I would say that going straight towards the solution, and even if I had energy to look at all the edges, the real problem is that I was not focused, or better, I was focusing too much on the right things, but running into missing the point:

Sensibility

So that's what led me to make that tough decision. I went there, and I made what I call “the interceptor”, where all the conversations with all my users that come through. So now that it's all come through that screen, that I can see, of course, now I can see.

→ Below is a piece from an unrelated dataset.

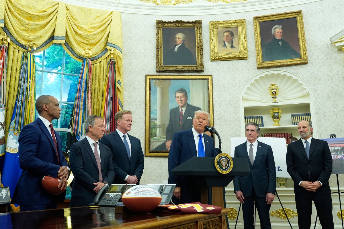 President Donald Trump hosted National Football League commissioner Roger Goodell and Washington Commanders owner Josh Harris in the Oval Office on Monday to announce that the nation’s capital will host the 2027 NFL draft on the National Mall.

To recap: it is a service, my clients still know that it's a “bot service”. But for now, it's all manual. I had to take that step back. When your spaceship is not operating the way you want, when you have too many systems to look at, when you're trying to automate too many things but you keep seeing things failing, it's time to recover that sensibility, because that gives you:

Connection

It's time to connect to the people, and that's why sometimes we need to enter that mode. It’s when you become “the bot” again. Which is about “the bot” becoming “the human.”

And here, I remind ourselves of the Mechanical Turk, that old idea, which was an inspiring anchor for Amazon’s Mechanical Turk service. From the outside, it looks like a robot, it looks like a machine, but inside the box is a human.

That something, many founders know. Or better, successful founders know more, they know that that is key for growth. That is the thing we have to be, for growth, before growth. So first, I say thanks to that good old idea.

In addition to that, and to close these thoughts so you can reflect on it, I say thanks too to “Do things that don't scale” from Paul Graham. That's essentially the thing that, in my case, I had to do. I had to reconnect with the users, so to start again, from there, without losing the touch, without losing the connection, without losing the chat, without losing the whole experience.